Jack didn’t get the concept of a working dog, but he did have a job, which was keeping a pre-teen child company for a couple of hours each weekday afternoon—a child who came home on the school bus to an otherwise empty house. Jack-the-Dog was great at that. He didn’t like being alone, either.

“I was an only child, Skip was an only dog,” the great Willie Morris wrote in his book about his childhood pet. When we watched the movie based on that book, that line made Grace smile. She wasn’t an only child, but with her older siblings grown and gone, it sometimes felt that way. I don’t know if dogs go to heaven, but they can achieve a measure of immortality if their owner is a writer. I met Willie Morris once, and told him how much we liked “My Dog Skip.” He replied that he’d written a book about his cats, too.

The most famous American writer to pen a book about his dog is John Steinbeck. But “Travels With Charley” is not really about dogs, it’s about America. It’s a fine book, with many good lines. “A dog,” Steinbeck wrote, “is a bond between strangers. In establishing contact with strange people, Charley is an ambassador.”

My favorite dog-people book was written by an elegant sportswriter who’s been dead these last 35 years. He was also named Jack—Jack Murphy—and was so esteemed in San Diego, where he practiced his craft, that when he died they named the local stadium after him. It’s been changed to some corporate brand, but Jack Murphy’s statue is still there somewhere. He’s accompanied in that sculpture by his Labrador retriever, Abe of Spoon River.

Jack Murphy took that dog everywhere but the newsroom: hunting, fishing, even drinking. I worked with him for three years at the San Diego Union-Tribune. Jack was so courtly and kind that when he passed away in 1980, the young reporters were as stricken as those who’d known him for decades. His old pals tended to be less reverential about Abe of Spoon River, however.

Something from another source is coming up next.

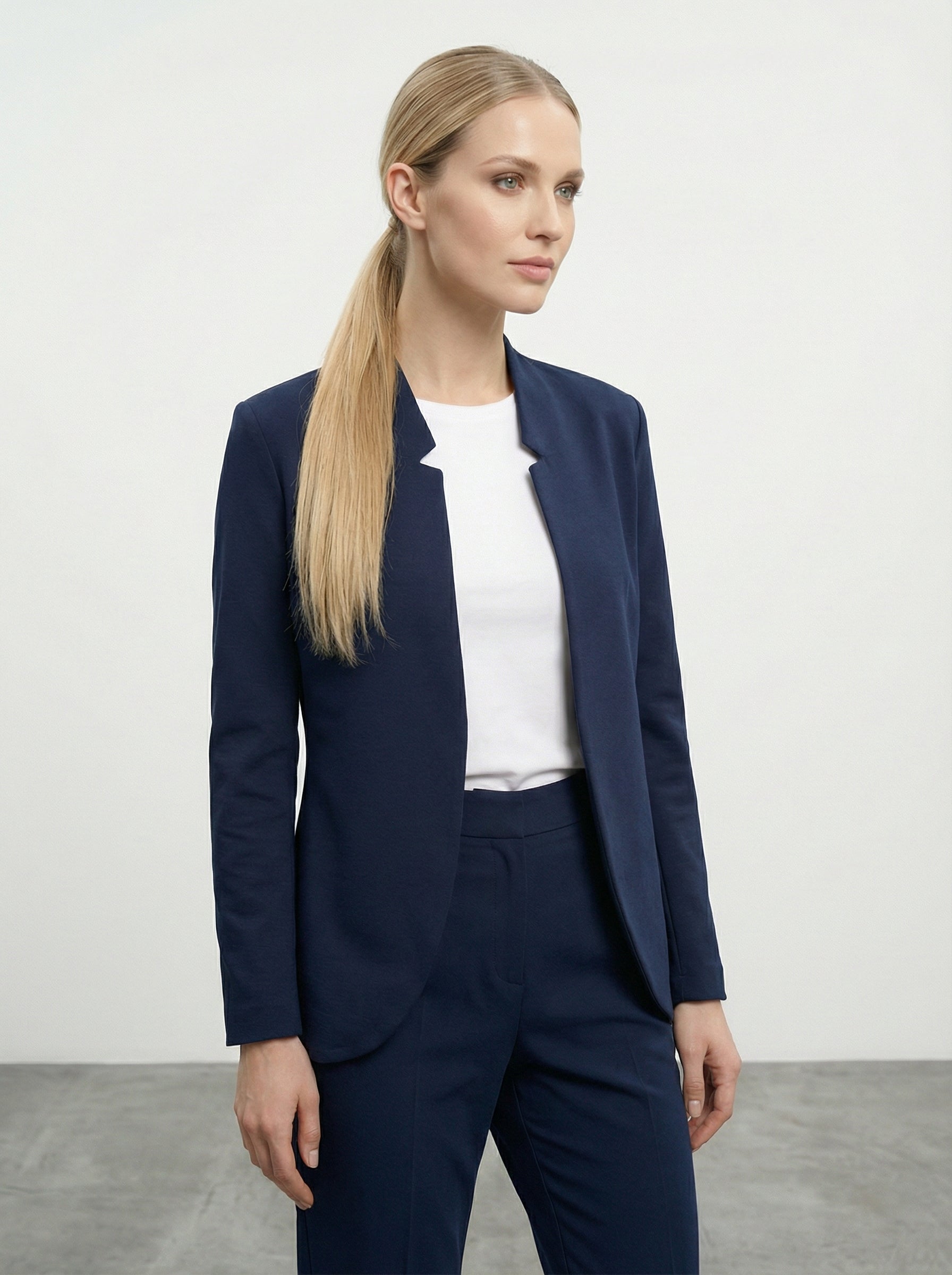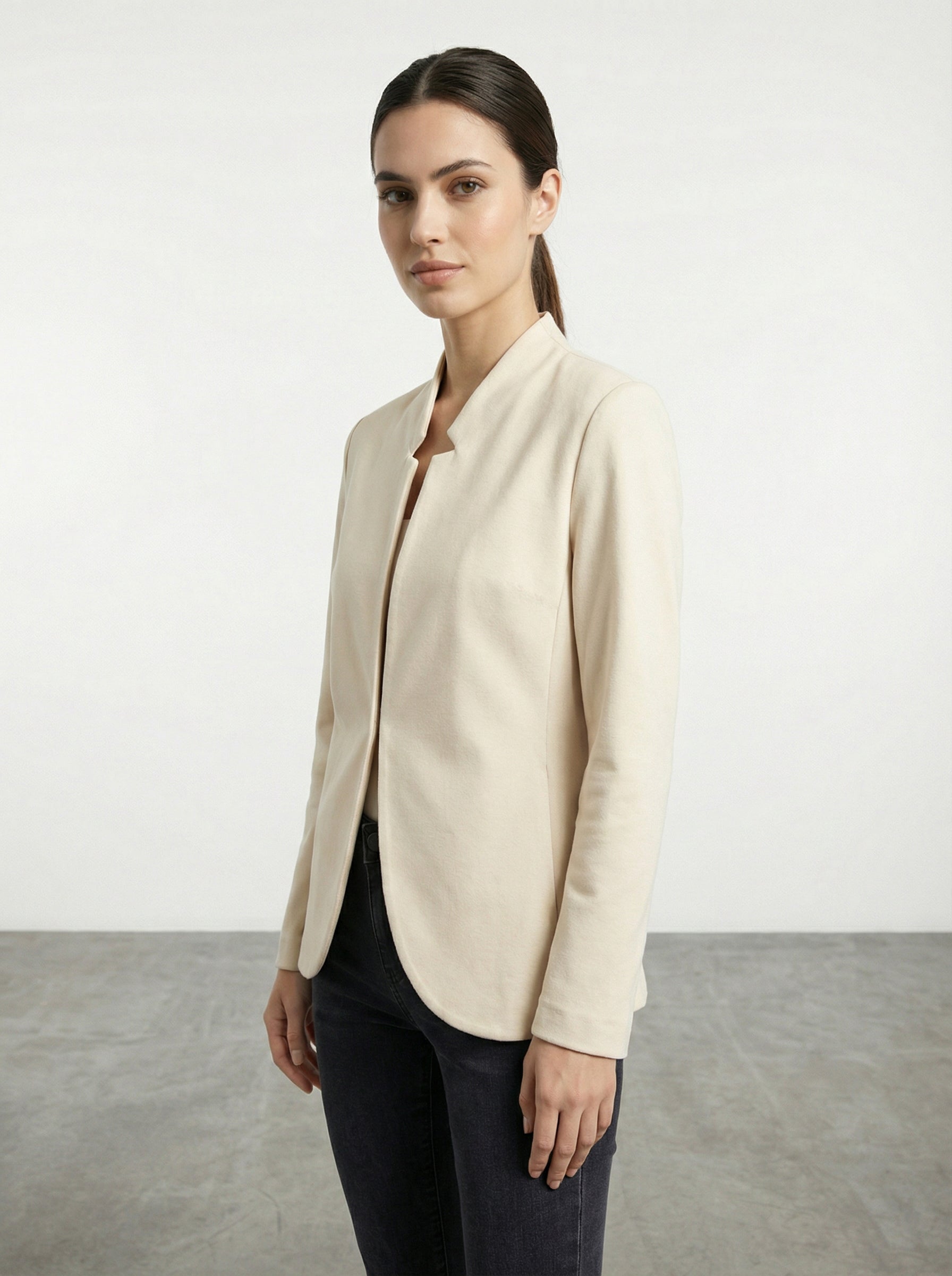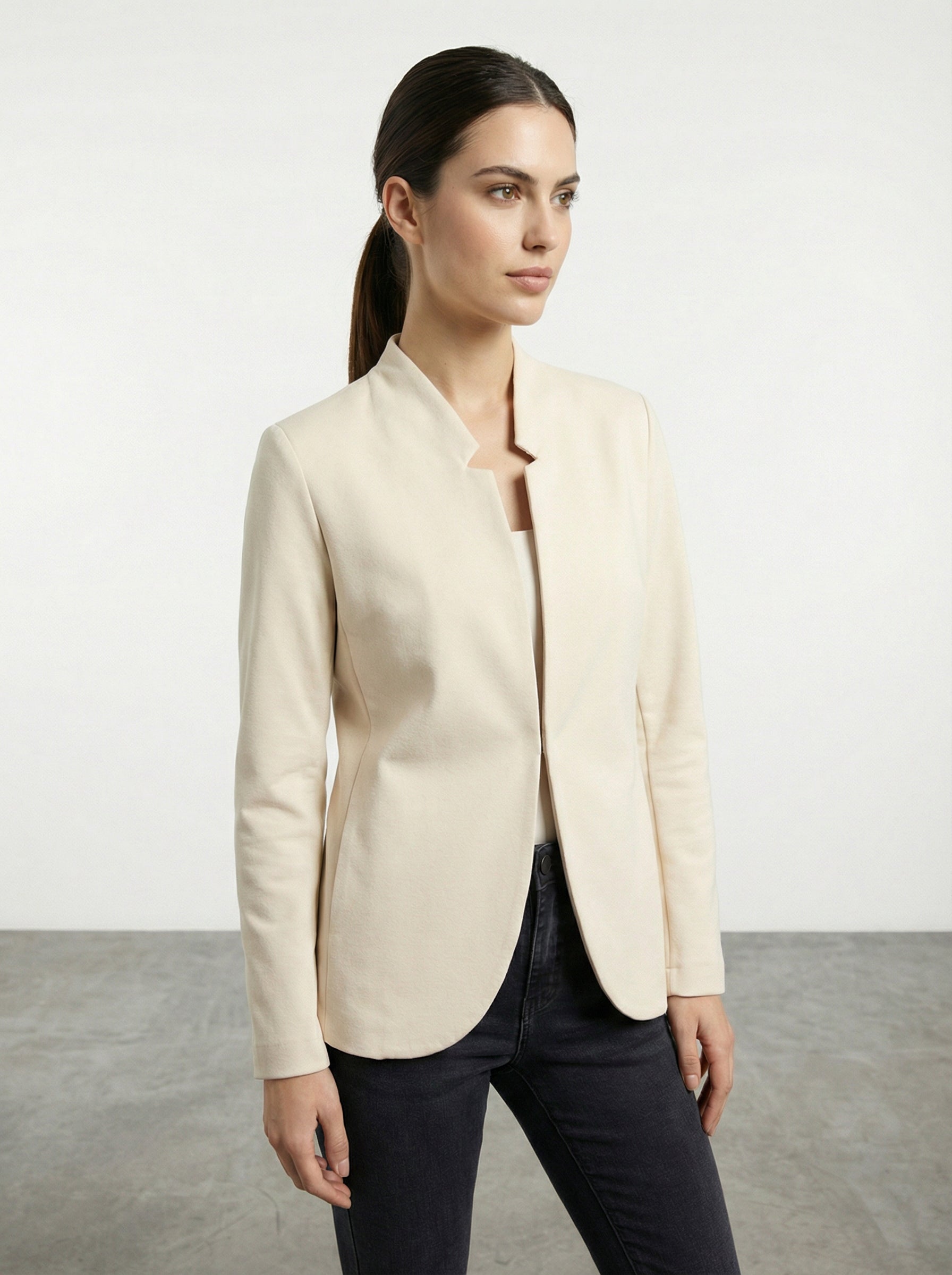 La giacca slim fit elegante è l'aggiunta perfetta al tuo guardaroba primaverile. Realizzata in cotone di alta qualità, questa giacca offre una vestibilità impeccabile che esalta la silhouette femminile. Il suo design minimalista è arricchito da dettagli sofisticati, come il colletto alla coreana e le linee pulite, che la rendono adatta a molteplici occasioni, dal lavoro a un aperitivo con le amiche.

“That dog couldn’t find a skunk in a phone booth,” a former colleague of ours revealed. Abe of Spoon River died after being hit by a car at 13. In his eulogy, Murphy wrote, “Abe is everywhere in the house, but I can’t find him.”

Jack-the-Dog was once hit by a car, too, when I was walking him off-leash. The collision made a frightening thud, and the impact knocked him out of his collar. Stunned, he got up and ran home. Nine hundred dollars later, after an MRI (his) and a near-heart attack (mine), the vet couldn’t find a scratch on him. “He’s a tough little soldier,” she said after warning me about the leash. Jack smiled at that description—and rewarded us by living another nine years. He smiled a lot, actually, which is why his nickname was “Happy Jack.”

The car accident happened at Halloween time. Jack never saw the car coming. When it hit him he was looking at scary decorations in a neighbor’s yard that included “Nightmare on Elm Street” figures. He never did learn to be afraid of cars, but for years, men wearing hats unnerved him. In the end, what got our little guy was cancer, not a car. He went downhill fast. His last few days were tough ones. Jack-the-Dog is everywhere in this house. I just can’t find him.